──────── Exercise input
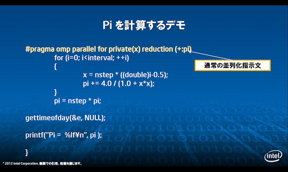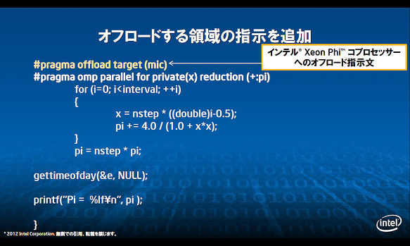 이 예제에서는 연산을 Xeon Phi로 던져 처리한다 (오프로드) 지침을 추가하고 있다. 이렇게 소스 코드의 변경은 최소한으로 끝난다 Intel은 주장하고있다 (출처 : Intel)
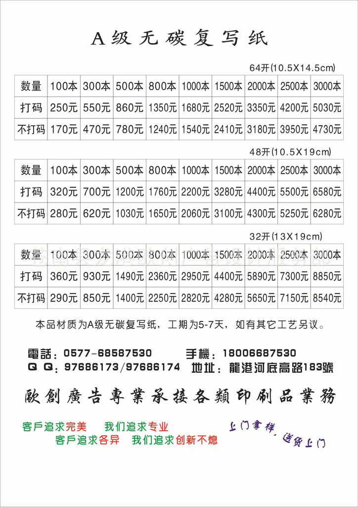 ***名片、传单、企业画册、包装盒、手提袋、无纺布袋、纸袋、台历、挂历、吊牌、不干胶、纸卡、广告扇、连单各类印刷品,生产加工一条龙服务!!!
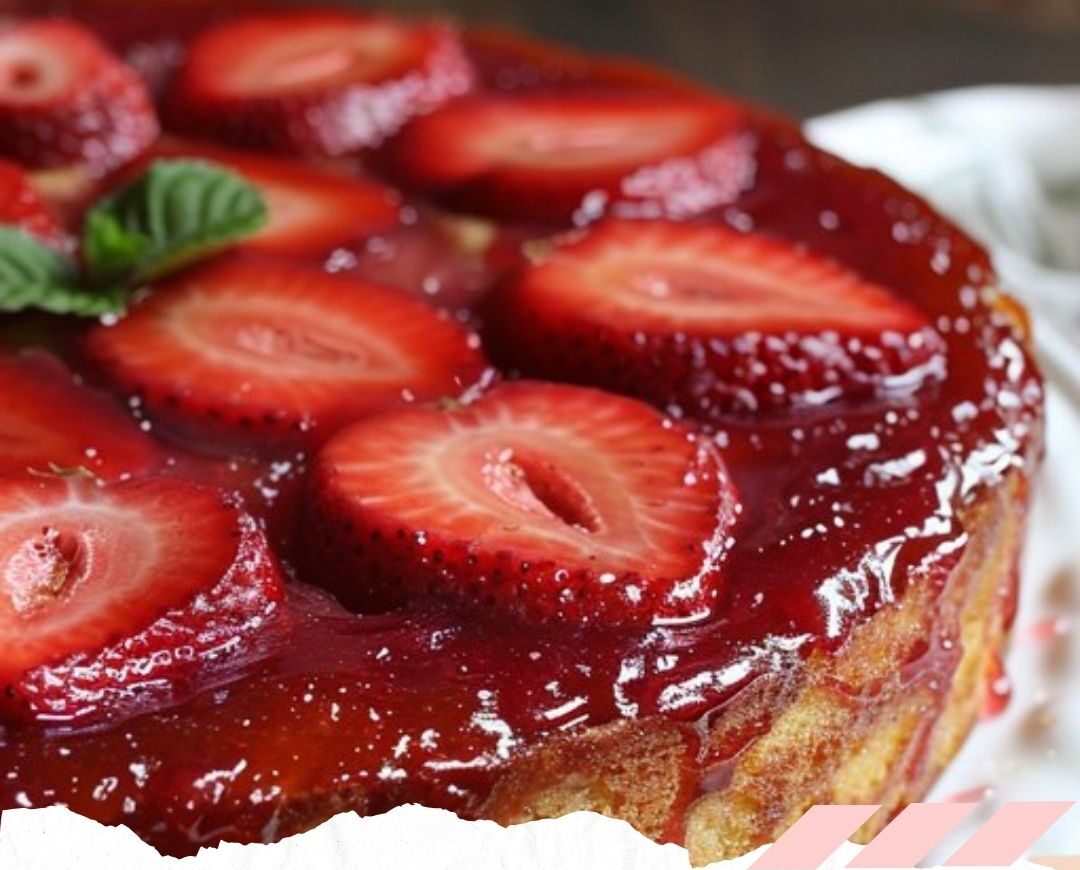 - Pour the batter over the strawberries in the cake pan and spread it evenly.
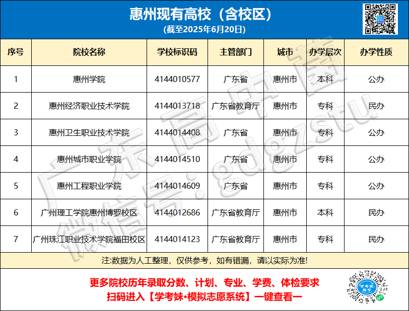 惠州学院是惠州市唯一的本科高校,是省属公办高校,前身是创办于1946年的广东省立惠州师范学校;1978年升本并更名为“惠阳师范专科学校”;1993年成立专科层次的“惠州大学”;2000年升本并更名为“惠州学院”。
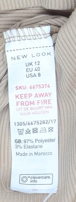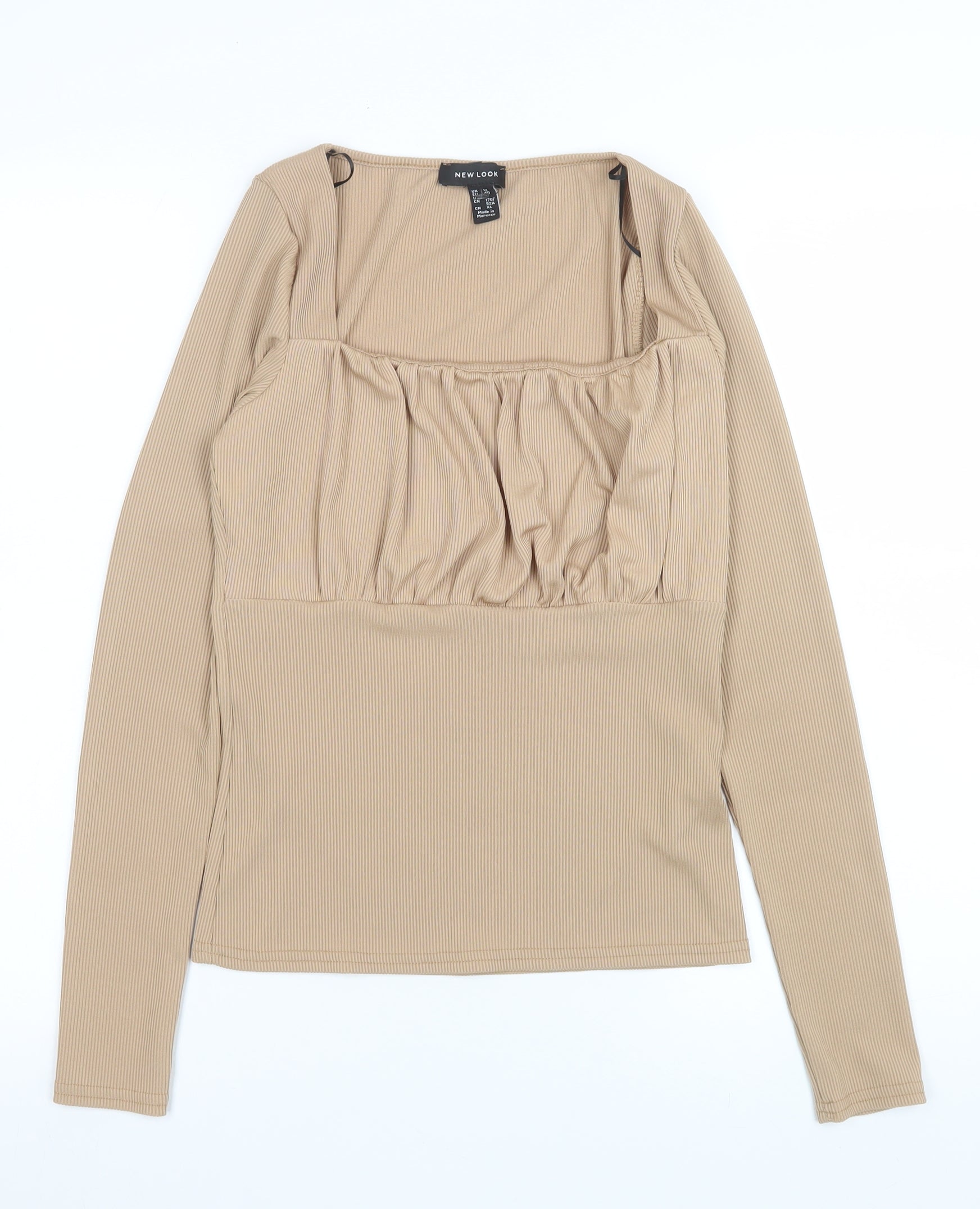 New Look Women’s Beige Long Sleeve Square Neck Tunic Blouse Size 12
────────────────
### [Task prompt]
Print the records again exactly, without the pictures.

### [Written answer]
 이 예제에서는 연산을 Xeon Phi로 던져 처리한다 (오프로드) 지침을 추가하고 있다. 이렇게 소스 코드의 변경은 최소한으로 끝난다 Intel은 주장하고있다 (출처 : Intel)
 ***名片、传单、企业画册、包装盒、手提袋、无纺布袋、纸袋、台历、挂历、吊牌、不干胶、纸卡、广告扇、连单各类印刷品,生产加工一条龙服务!!!
 - Pour the batter over the strawberries in the cake pan and spread it evenly.
 惠州学院是惠州市唯一的本科高校,是省属公办高校,前身是创办于1946年的广东省立惠州师范学校;1978年升本并更名为“惠阳师范专科学校”;1993年成立专科层次的“惠州大学”;2000年升本并更名为“惠州学院”。
 New Look Women’s Beige Long Sleeve Square Neck Tunic Blouse Size 12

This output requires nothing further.